> Data for this task:
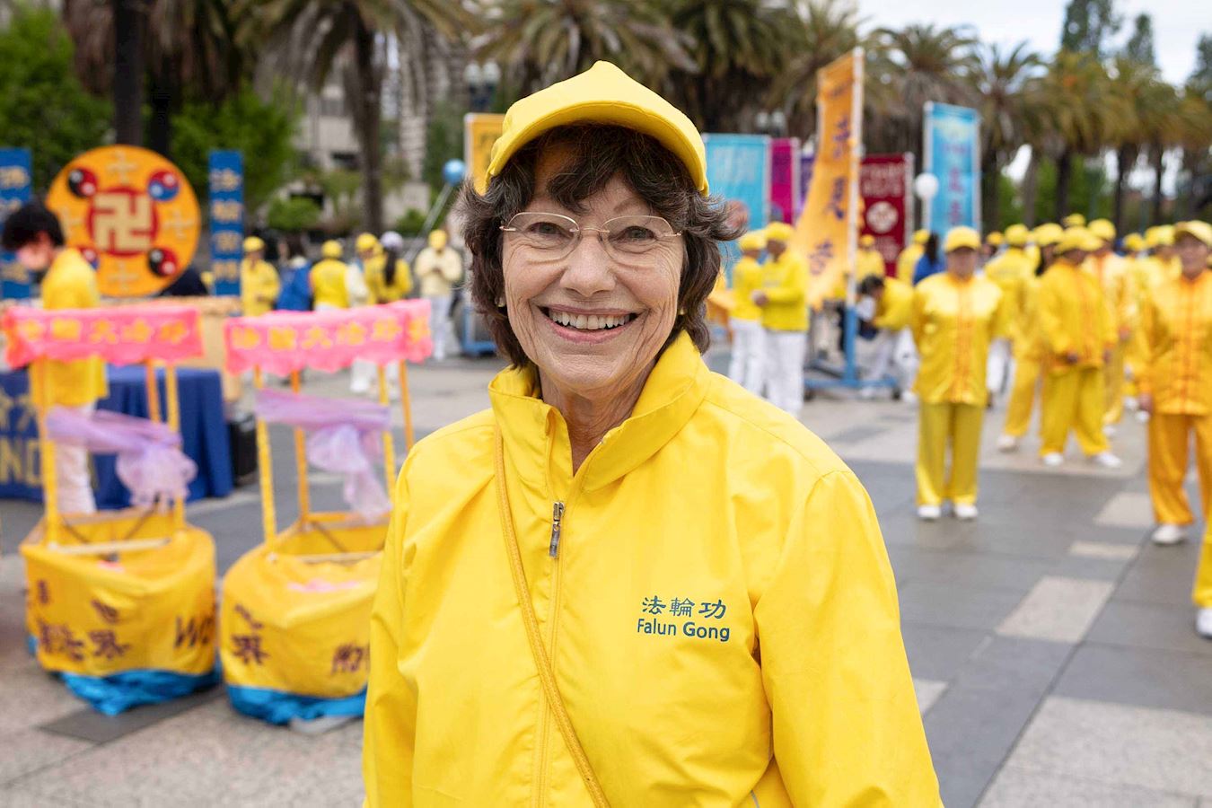 法轮功学员琳达·坎贝尔(Linda Campbell)表示,她今天来这里,庆祝李洪志师父的生日,以及法轮功弘传世界三十一周年。“今天我们在这里举行庆祝活动,同时也与民众分享我们修炼的经历。”
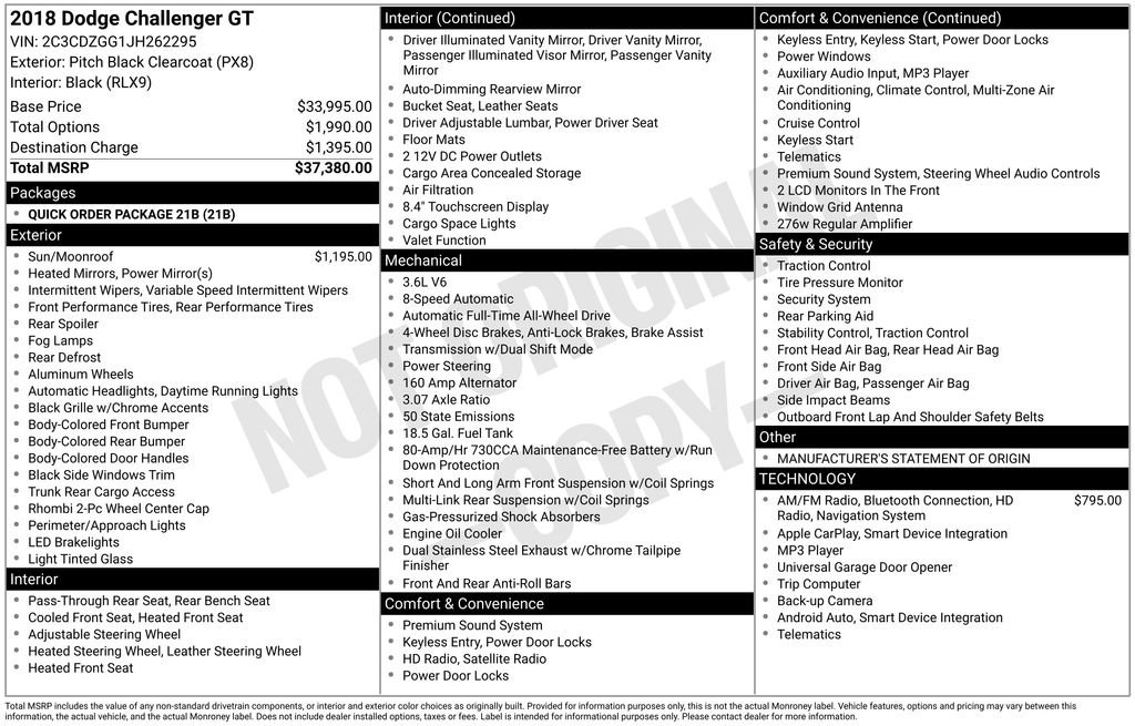 Clean CARFAX! CARFAX One-Owner! This Dodge Challenger GT has many features and is well equipped including, Apple CarPlay, Power Sunroof, Heated Steering Wheel, Heated Seats, Ventilated Seats, Leather Seats, Backup Camera, Great Price, 1-YR SiriusXM Guardian Trial, 5-Year SiriusXM Traffic Service, 5-Year SiriusXM Travel Link Service, 8.4 Touchscreen Display, Alloy wheels, Apple CarPlay, Auto-dimming Rear-View mirror, Beats Audio on 8.4 Touchscreen w/10 Premium Speakers & Subwoofer w/552-Watt Amplifier, Auxiliary Jack & 2 USB Ports, Brake assist, Delay-off headlights, Electronic Stability Control, Fully automatic headlights, Google Android Auto, GPS Antenna Input, GPS Navigation, HD Radio, Heated & Ventilated Front Seats, Heated door mirrors, Heated Front Seats, Heated front seats, Integrated Center Stack Radio, Integrated Voice Command w/Bluetooth, Leather Trim Seats, Media Hub (2 USB, AUX), Panic Alarm, ParkView Rear Back-Up Camera, Power door mirrors, Power Sunroof, Quick Order Package 21B, Radio: Uconnect 4C Nav w/8.4 Display, Security System, SiriusXM Satellite Radio, SiriusXM Traffic Plus, SiriusXM Travel Link, Speed control, Split folding rear seat, USB Host Flip, Ventilated front seats.
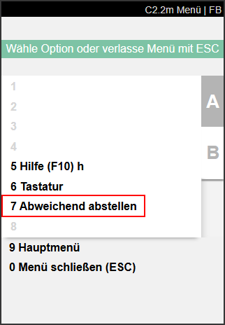 Example scenario: The user drives with the intended quantity to the target place. Once there, he finds that for some reason the quantity cannot be completely put down at the target place. So he only puts down a part and confirms this with a smaller quantity input. For the remaining quantity he can now select menu item B7: Drop Alternatively. Here he can enter a deviating storage place. Then the quantity remaining is posted and put down there.
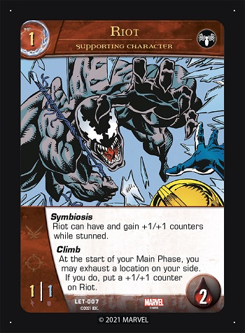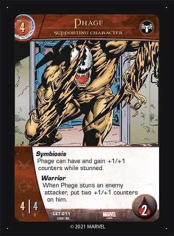 “During your Build Phase, if you have four supporting characters in your KO pile with the names ‘Agony’, ‘Lasher’, ‘Phage’, and ‘Riot’, you may put Hybrid from your hand onto your side.”
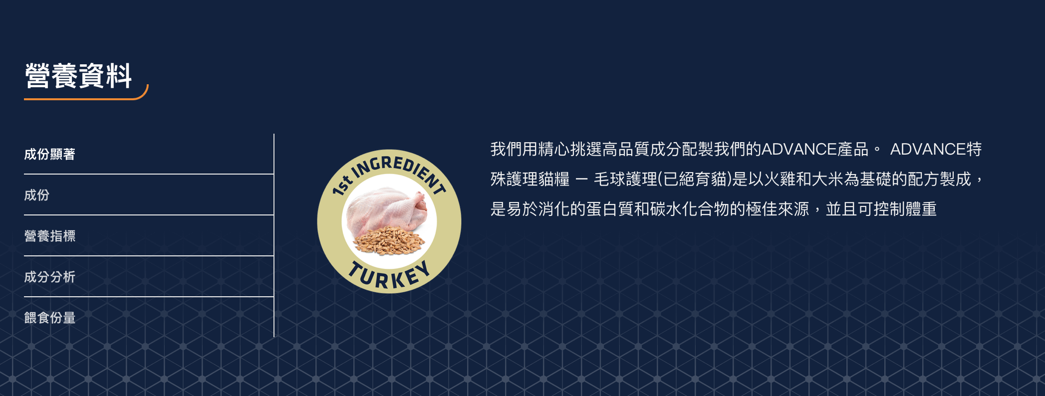 ADVANCE特殊護理貓糧 – 毛球護理(已絕育貓)是以火雞和大米為基礎的配方製成,是易於消化的蛋白質和碳水化合物的極佳來源,並且可控制體重

> Problem:
Drop every picture, then write out the remaining entries above exactly as they appear.

> Answer area:
 法轮功学员琳达·坎贝尔(Linda Campbell)表示,她今天来这里,庆祝李洪志师父的生日,以及法轮功弘传世界三十一周年。“今天我们在这里举行庆祝活动,同时也与民众分享我们修炼的经历。”
 Clean CARFAX! CARFAX One-Owner! This Dodge Challenger GT has many features and is well equipped including, Apple CarPlay, Power Sunroof, Heated Steering Wheel, Heated Seats, Ventilated Seats, Leather Seats, Backup Camera, Great Price, 1-YR SiriusXM Guardian Trial, 5-Year SiriusXM Traffic Service, 5-Year SiriusXM Travel Link Service, 8.4 Touchscreen Display, Alloy wheels, Apple CarPlay, Auto-dimming Rear-View mirror, Beats Audio on 8.4 Touchscreen w/10 Premium Speakers & Subwoofer w/552-Watt Amplifier, Auxiliary Jack & 2 USB Ports, Brake assist, Delay-off headlights, Electronic Stability Control, Fully automatic headlights, Google Android Auto, GPS Antenna Input, GPS Navigation, HD Radio, Heated & Ventilated Front Seats, Heated door mirrors, Heated Front Seats, Heated front seats, Integrated Center Stack Radio, Integrated Voice Command w/Bluetooth, Leather Trim Seats, Media Hub (2 USB, AUX), Panic Alarm, ParkView Rear Back-Up Camera, Power door mirrors, Power Sunroof, Quick Order Package 21B, Radio: Uconnect 4C Nav w/8.4 Display, Security System, SiriusXM Satellite Radio, SiriusXM Traffic Plus, SiriusXM Travel Link, Speed control, Split folding rear seat, USB Host Flip, Ventilated front seats.
 Example scenario: The user drives with the intended quantity to the target place. Once there, he finds that for some reason the quantity cannot be completely put down at the target place. So he only puts down a part and confirms this with a smaller quantity input. For the remaining quantity he can now select menu item B7: Drop Alternatively. Here he can enter a deviating storage place. Then the quantity remaining is posted and put down there.
 “During your Build Phase, if you have four supporting characters in your KO pile with the names ‘Agony’, ‘Lasher’, ‘Phage’, and ‘Riot’, you may put Hybrid from your hand onto your side.”
 ADVANCE特殊護理貓糧 – 毛球護理(已絕育貓)是以火雞和大米為基礎的配方製成,是易於消化的蛋白質和碳水化合物的極佳來源,並且可控制體重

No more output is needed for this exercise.